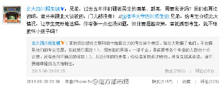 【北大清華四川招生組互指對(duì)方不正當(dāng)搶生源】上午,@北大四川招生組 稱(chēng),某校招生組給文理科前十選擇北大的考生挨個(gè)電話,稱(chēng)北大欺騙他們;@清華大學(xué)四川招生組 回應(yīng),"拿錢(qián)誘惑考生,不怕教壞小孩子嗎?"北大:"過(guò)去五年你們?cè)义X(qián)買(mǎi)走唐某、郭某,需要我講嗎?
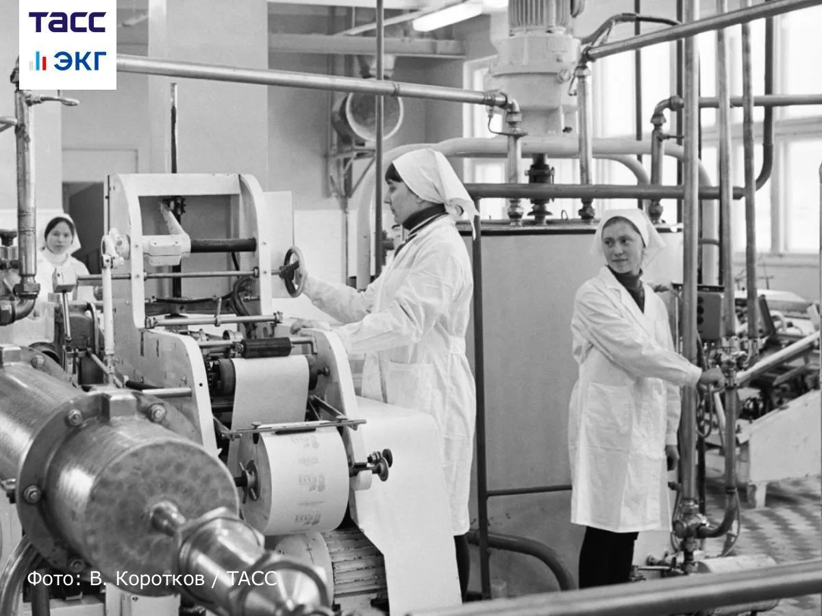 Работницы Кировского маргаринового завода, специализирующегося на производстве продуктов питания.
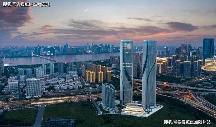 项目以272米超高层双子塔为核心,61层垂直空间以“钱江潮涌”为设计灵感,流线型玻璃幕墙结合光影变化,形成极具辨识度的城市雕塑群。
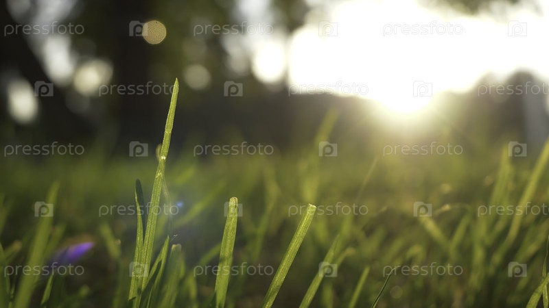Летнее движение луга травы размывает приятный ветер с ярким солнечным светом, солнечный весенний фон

Problem requirements ->
Working from the line with "Работницы Кировского маргаринового" to the last line of the material above, repeat each line exactly and leave out the pictures.

Solution ->
 Работницы Кировского маргаринового завода, специализирующегося на производстве продуктов питания.
 项目以272米超高层双子塔为核心,61层垂直空间以“钱江潮涌”为设计灵感,流线型玻璃幕墙结合光影变化,形成极具辨识度的城市雕塑群。
Летнее движение луга травы размывает приятный ветер с ярким солнечным светом, солнечный весенний фон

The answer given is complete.